Июль 41 года (с иллюстрациями) - Бакланов Григорий Яковлевич. Страница 19

Самое ужасное, что во всем этом, противоестественном и гибельном, была своя логика, непостижимая для здравого ума. Щербатов не мог разгадать ее, но чувствовал, что она есть. И каждый факт, в отдельности казавшийся случайным, диким, был следствием чего-то и одновременно причиной. Все началось не сегодня, а где-то раньше. Развязанные, пущенные в ход события развивались теперь самостоятельно по своей внутренней логике, со всеми последствиями, которые вначале невозможно было предвидеть. Никто в отдельности гибели не хотел, и все вместе делали то, что вело к гибели.

И все-таки на другой день и в следующие дни Щербатов ждал, что появится немецкое опровержение. Он хотел надеяться еще, хотел ошибиться. Но дни шли, а немцы ничего не подтверждали и не опровергали. И то, что оставалось по-прежнему неясно людям, вершившим политику, привыкшим распоряжаться судьбами тысяч и миллионов, — простым людям, каждый из которых, если глядеть сверху, быть может, и неразличим в общей массе, каждому из этих обычных, обремененных детишками и страхами людей здесь, вблизи границы, давно уже было ясно.
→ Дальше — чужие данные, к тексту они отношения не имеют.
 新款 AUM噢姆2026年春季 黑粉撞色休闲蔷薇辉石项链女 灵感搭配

Они делали то, что всегда делали люди в ожидании чужеземного нашествия: запасали соль, спички, хлеб. Те из них, кто думал здесь переждать нашествие, ночами, втайне от соседских глаз, зарывали в землю самое дорогое; другие готовились в путь. Вещи прятали в землю, люди уходили в себя: слишком неудобно и небезопасно было говорить вслух об очевидном. И, странное дело, чем умней, доверенней, информированней был человек, тем глупей и беспомощней он действовал на поверку. А те, кому надеяться было не на кого, а надо было самим думать за себя и за своих детей, кто пользовался одними слухами, трижды перевранными, ни на что не похожими, те при всей неосмысленности и видимой бестолковости своих действий делали единственно правильное, что им оставалось делать.
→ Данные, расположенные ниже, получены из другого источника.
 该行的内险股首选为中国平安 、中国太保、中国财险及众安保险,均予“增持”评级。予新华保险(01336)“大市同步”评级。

И только армия, как будто ничего не менялось, продолжала жить по распорядку мирного времени. Артиллерия проводила учения на полигонах, танки, многие из них разобранные, стояли в ремонте, и по всем подразделениям готовились к вечерам художественной самодеятельности. После Щербатову об этом было дико вспомнить. Но это было так. На 22 июня, на воскресенье, были назначены спортивные соревнования и игры, этим соревнованиям придавалось большое значение, и подготовка к ним шла полным ходом.
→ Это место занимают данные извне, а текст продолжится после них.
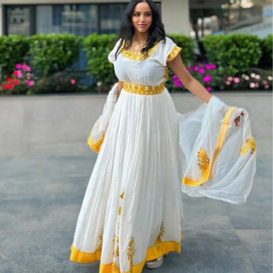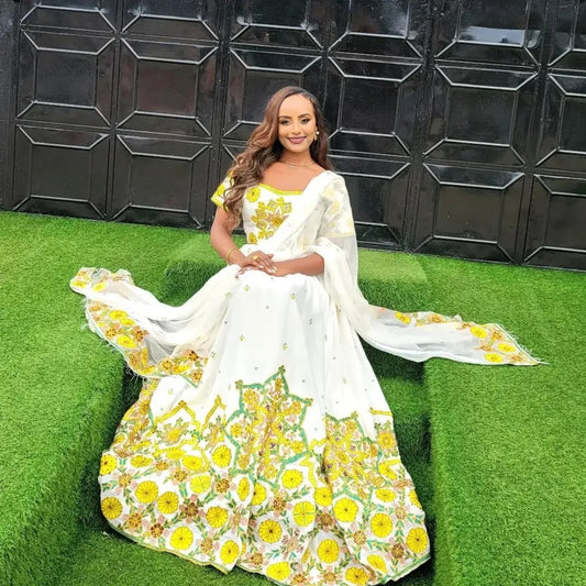 Radiant Yellow Floral Embroidery Ethiopian Traditional Dress Elegant Habesha Kemis With Ethiopian Clothing 0020

В ночь с пятницы на субботу Щербатова вдруг вызвали в штаб к телефону. Понимая, что случилось нечто чрезвычайное, он быстро оделся и только успел выйти на крыльцо, как подкатила его машина. Шофер выскочил, с поспешностью виновато полез под капот: что-то не ладилось в моторе. Щербатов не стал ждать. Сказав: «Исправишь — догонишь», пошел пешком. Было ветрено, моросил дождь. Глубоко сунув руки в карманы плаща, Щербатов шел по улицам спящего городка, и ясное ощущение — «вот оно, начинается» — подкатывало под сердце.

В штабе о звонке никто ничего не знал. Щербатов еще допрашивал дежурного, когда послышался звук мотора и сейчас же раздались несколько автоматных очередей. Щербатов с пистолетом в руке выскочил из штаба, дежурный бежал за ним. В переулке посреди мостовой горела его машина. Он дернул дверцу — шофер был убит.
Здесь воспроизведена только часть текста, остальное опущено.